## [WHAT THE TASK REQUIRES]
For the records that follow, please set down exactly the lines between the one holding "2/12 Busacchi Coll., from" and the one holding "人気No.1「シナモンアップ", inclusive, and only those.

## [DATA EXTRACT]
● ● ● ● ● ● ●
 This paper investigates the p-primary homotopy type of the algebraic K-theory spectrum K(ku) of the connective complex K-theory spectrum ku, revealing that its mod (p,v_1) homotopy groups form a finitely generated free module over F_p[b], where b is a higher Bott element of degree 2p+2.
● ● ● ● ● ● ●
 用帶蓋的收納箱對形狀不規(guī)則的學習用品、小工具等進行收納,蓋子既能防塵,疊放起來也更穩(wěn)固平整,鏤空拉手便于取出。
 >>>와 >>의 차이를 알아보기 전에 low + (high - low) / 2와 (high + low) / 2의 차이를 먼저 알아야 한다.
● ● ● ● ● ● ●
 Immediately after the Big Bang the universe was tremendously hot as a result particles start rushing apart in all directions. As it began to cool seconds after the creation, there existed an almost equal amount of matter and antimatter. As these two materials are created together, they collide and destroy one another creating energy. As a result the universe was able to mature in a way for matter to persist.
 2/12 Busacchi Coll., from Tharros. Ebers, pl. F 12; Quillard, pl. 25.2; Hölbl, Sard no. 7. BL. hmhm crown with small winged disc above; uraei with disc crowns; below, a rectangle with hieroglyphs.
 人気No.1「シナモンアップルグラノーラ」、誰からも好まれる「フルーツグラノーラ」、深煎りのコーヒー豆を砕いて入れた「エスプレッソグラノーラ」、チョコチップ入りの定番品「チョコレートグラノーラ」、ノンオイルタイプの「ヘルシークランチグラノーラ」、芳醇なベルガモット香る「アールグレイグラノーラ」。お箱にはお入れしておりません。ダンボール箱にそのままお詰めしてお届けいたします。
● ● ● ● ● ● ●
## [SOLUTION FOR THIS TASK]
 2/12 Busacchi Coll., from Tharros. Ebers, pl. F 12; Quillard, pl. 25.2; Hölbl, Sard no. 7. BL. hmhm crown with small winged disc above; uraei with disc crowns; below, a rectangle with hieroglyphs.
 人気No.1「シナモンアップルグラノーラ」、誰からも好まれる「フルーツグラノーラ」、深煎りのコーヒー豆を砕いて入れた「エスプレッソグラノーラ」、チョコチップ入りの定番品「チョコレートグラノーラ」、ノンオイルタイプの「ヘルシークランチグラノーラ」、芳醇なベルガモット香る「アールグレイグラノーラ」。お箱にはお入れしておりません。ダンボール箱にそのままお詰めしてお届けいたします。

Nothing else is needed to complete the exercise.